══ SUPPLIED MATERIAL

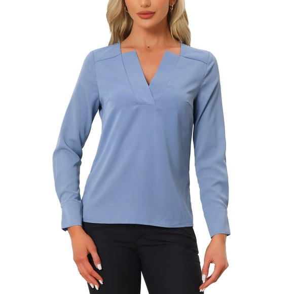 Blusa de Oficina Chic Inspire para Mujer, Blusas de Manga Larga con Cuello en V, S Azul GrisAvailable for Envío internacionalEnvío internacional
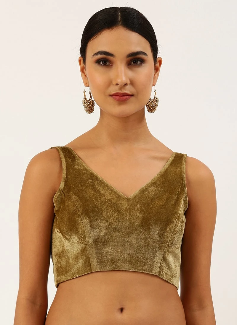 Presenting a olive green color velvet readymade blouse and crafted with V neckline in front and back and sleeveless with back hook.
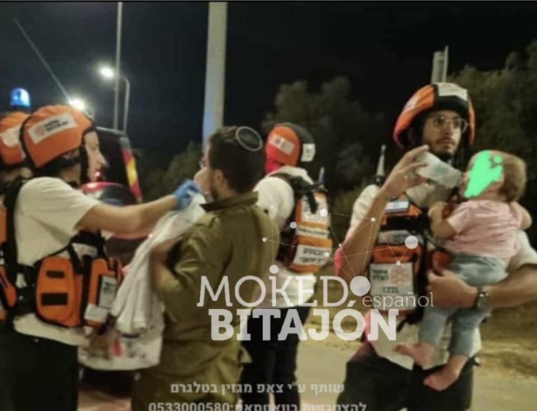 Fuente: Moked Bitajon. Voluntarios de la Unión de Rescate Ultraortodoxa que llegaron a uno de las localidades atacadas por los terroristas los cuales llevaron a cabo masacres en el lugar. Los voluntarios de emergencias encontraron bebés hambrientos en hogares sin sus padres, que fueron masacrados, y empezaron a alimentarles y cuidarles.
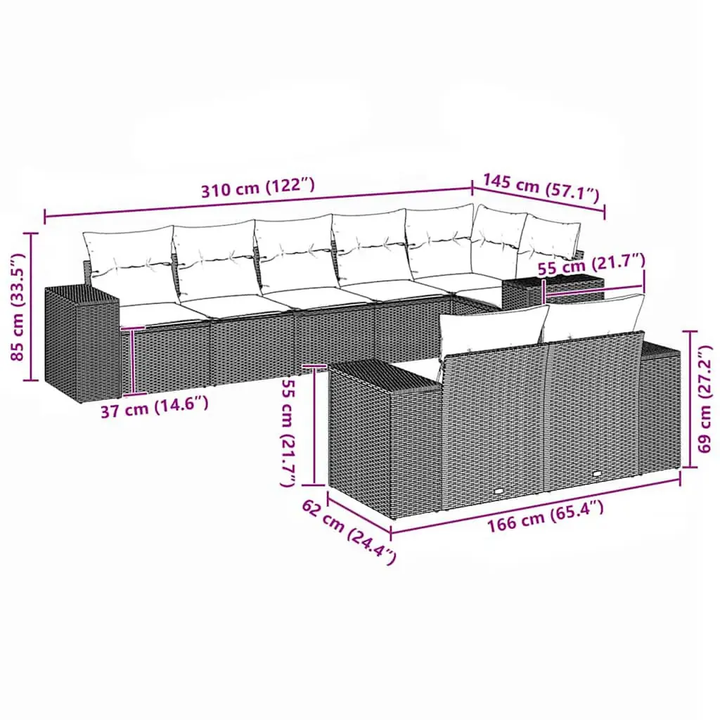 This 8-piece modular garden sofa set brings together style and comfort for some outdoor relaxation. With its sleek modern design made from weather-resistant poly rattan, it offers a stylish yet cozy spot for hangouts on your balcony, patio, or in your garden. The flexible layout lets you easily adjust how you want to set things up, making it fantastic for family and friends while adding a nice vibe to your outdoor space. Modular Design: This sofa set can be easily rearranged to suit your space and preferences. It allows for various setups to fit different occasions, making it a top choice for outdoor use. Weather-Resistant Construction: Made from UV and water-resistant materials, this sofa set can withstand tough weather without fading or degrading. Enjoy the outdoors without worry, knowing your furniture is built to last. Generous Seating Capacity: With spacious dimensions, this set easily accommodates up to 8 people, making it perfect for family gatherings or friendly get-togethers. Removable and Washable Covers: The cushions have removable covers with zippers for easy cleaning. Keep your outdoor sofa looking fresh with minimal effort. Stylish Aesthetic: The modern look and classy black and cream color combo enhance your outdoor decor, adding a snazzy vibe to your garden or patio space.
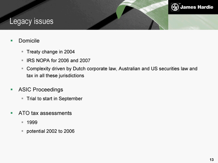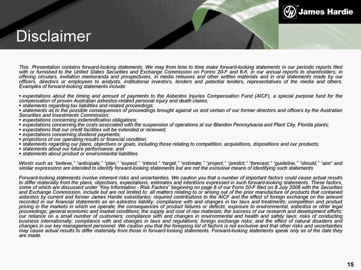 | This Presentation contains forward-looking statements. We may from time to time make forward-looking statements in our periodic reports filed with or furnished to the United States Securities and Exchange Commission on Forms 20-F and 6-K, in our annual reports to shareholders, in offering circulars, invitation memoranda and prospectuses, in media releases and other written materials and in oral statements made by our officers, directors or employees to analysts, institutional investors, lenders and potential lenders, representatives of the media and others. Examples of forward-looking statements include: expectations about the timing and amount of payments to the Asbestos Injuries Compensation Fund (AICF), a special purpose fund for the compensation of proven Australian asbestos-related personal injury and death claims; statements regarding tax liabilities and related proceedings; statements as to the possible consequences of proceedings brought against us and certain of our former directors and officers by the Australian Securities and Investments Commission; expectations concerning indemnification obligations; expectations concerning the costs associated with the suspension of operations at our Blandon Pennsylvania and Plant City, Florida plants; expectations that our credit facilities will be extended or renewed; expectations concerning dividend payments; projections of our operating results or financial condition; statements regarding our plans, objectives or goals, including those relating to competition, acquisitions, dispositions and our products; statements about our future performance; and statements about product or environmental liabilities. Words such as "believe," "anticipate," "plan," "expect," "intend," "target," "estimate," "project," "predict," "forecast," "guideline," "should," "aim" and similar expressions are intended to identify forward-looking statements but are not the exclusive means of identifying such statements. Forward-looking statements involve inherent risks and uncertainties. We caution you that a number of important factors could cause actual results to differ materially from the plans, objectives, expectations, estimates and intentions expressed in such forward-looking statements. These factors, some of which are discussed under "Key Information - Risk Factors" beginning on page 6 of our Form 20-F filed on 8 July 2008 with the Securities and Exchange Commission, include but are not limited to: all matters relating to or arising out of the prior manufacture of products that contained asbestos by current and former James Hardie subsidiaries; required contributions to the AICF and the effect of foreign exchange on the amount recorded in our financial statements as an asbestos liability; compliance with and changes in tax laws and treatments; competition and product pricing in the markets in which we operate; the consequences of product failures or defects; exposure to environmental, asbestos or other legal proceedings; general economic and market conditions; the supply and cost of raw materials; the success of our research and development efforts; our reliance on a small number of customers; compliance with and changes in environmental and health and safety laws; risks of conducting business internationally; compliance with and changes in laws and regulations; foreign exchange risks; and the effect of natural disasters and changes in our key management personnel. We caution you that the foregoing list of factors is not exclusive and that other risks and uncertainties may cause actual results to differ materially from those in forward-looking statements. Forward-looking statements speak only as of the date they are made. Disclaimer |
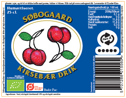 Ingredienser: Vand, økologiske kirsebær 18 % og økologisk rørsukker

════

** WORK ORDER **
Output the whole listing without change. Any picture is to be left out.

** ANSWER TO THIS PROBLEM **
 Blusa de Oficina Chic Inspire para Mujer, Blusas de Manga Larga con Cuello en V, S Azul GrisAvailable for Envío internacionalEnvío internacional
 Presenting a olive green color velvet readymade blouse and crafted with V neckline in front and back and sleeveless with back hook.
 Fuente: Moked Bitajon. Voluntarios de la Unión de Rescate Ultraortodoxa que llegaron a uno de las localidades atacadas por los terroristas los cuales llevaron a cabo masacres en el lugar. Los voluntarios de emergencias encontraron bebés hambrientos en hogares sin sus padres, que fueron masacrados, y empezaron a alimentarles y cuidarles.
 This 8-piece modular garden sofa set brings together style and comfort for some outdoor relaxation. With its sleek modern design made from weather-resistant poly rattan, it offers a stylish yet cozy spot for hangouts on your balcony, patio, or in your garden. The flexible layout lets you easily adjust how you want to set things up, making it fantastic for family and friends while adding a nice vibe to your outdoor space. Modular Design: This sofa set can be easily rearranged to suit your space and preferences. It allows for various setups to fit different occasions, making it a top choice for outdoor use. Weather-Resistant Construction: Made from UV and water-resistant materials, this sofa set can withstand tough weather without fading or degrading. Enjoy the outdoors without worry, knowing your furniture is built to last. Generous Seating Capacity: With spacious dimensions, this set easily accommodates up to 8 people, making it perfect for family gatherings or friendly get-togethers. Removable and Washable Covers: The cushions have removable covers with zippers for easy cleaning. Keep your outdoor sofa looking fresh with minimal effort. Stylish Aesthetic: The modern look and classy black and cream color combo enhance your outdoor decor, adding a snazzy vibe to your garden or patio space.
 | This Presentation contains forward-looking statements. We may from time to time make forward-looking statements in our periodic reports filed with or furnished to the United States Securities and Exchange Commission on Forms 20-F and 6-K, in our annual reports to shareholders, in offering circulars, invitation memoranda and prospectuses, in media releases and other written materials and in oral statements made by our officers, directors or employees to analysts, institutional investors, lenders and potential lenders, representatives of the media and others. Examples of forward-looking statements include: expectations about the timing and amount of payments to the Asbestos Injuries Compensation Fund (AICF), a special purpose fund for the compensation of proven Australian asbestos-related personal injury and death claims; statements regarding tax liabilities and related proceedings; statements as to the possible consequences of proceedings brought against us and certain of our former directors and officers by the Australian Securities and Investments Commission; expectations concerning indemnification obligations; expectations concerning the costs associated with the suspension of operations at our Blandon Pennsylvania and Plant City, Florida plants; expectations that our credit facilities will be extended or renewed; expectations concerning dividend payments; projections of our operating results or financial condition; statements regarding our plans, objectives or goals, including those relating to competition, acquisitions, dispositions and our products; statements about our future performance; and statements about product or environmental liabilities. Words such as "believe," "anticipate," "plan," "expect," "intend," "target," "estimate," "project," "predict," "forecast," "guideline," "should," "aim" and similar expressions are intended to identify forward-looking statements but are not the exclusive means of identifying such statements. Forward-looking statements involve inherent risks and uncertainties. We caution you that a number of important factors could cause actual results to differ materially from the plans, objectives, expectations, estimates and intentions expressed in such forward-looking statements. These factors, some of which are discussed under "Key Information - Risk Factors" beginning on page 6 of our Form 20-F filed on 8 July 2008 with the Securities and Exchange Commission, include but are not limited to: all matters relating to or arising out of the prior manufacture of products that contained asbestos by current and former James Hardie subsidiaries; required contributions to the AICF and the effect of foreign exchange on the amount recorded in our financial statements as an asbestos liability; compliance with and changes in tax laws and treatments; competition and product pricing in the markets in which we operate; the consequences of product failures or defects; exposure to environmental, asbestos or other legal proceedings; general economic and market conditions; the supply and cost of raw materials; the success of our research and development efforts; our reliance on a small number of customers; compliance with and changes in environmental and health and safety laws; risks of conducting business internationally; compliance with and changes in laws and regulations; foreign exchange risks; and the effect of natural disasters and changes in our key management personnel. We caution you that the foregoing list of factors is not exclusive and that other risks and uncertainties may cause actual results to differ materially from those in forward-looking statements. Forward-looking statements speak only as of the date they are made. Disclaimer |
 Ingredienser: Vand, økologiske kirsebær 18 % og økologisk rørsukker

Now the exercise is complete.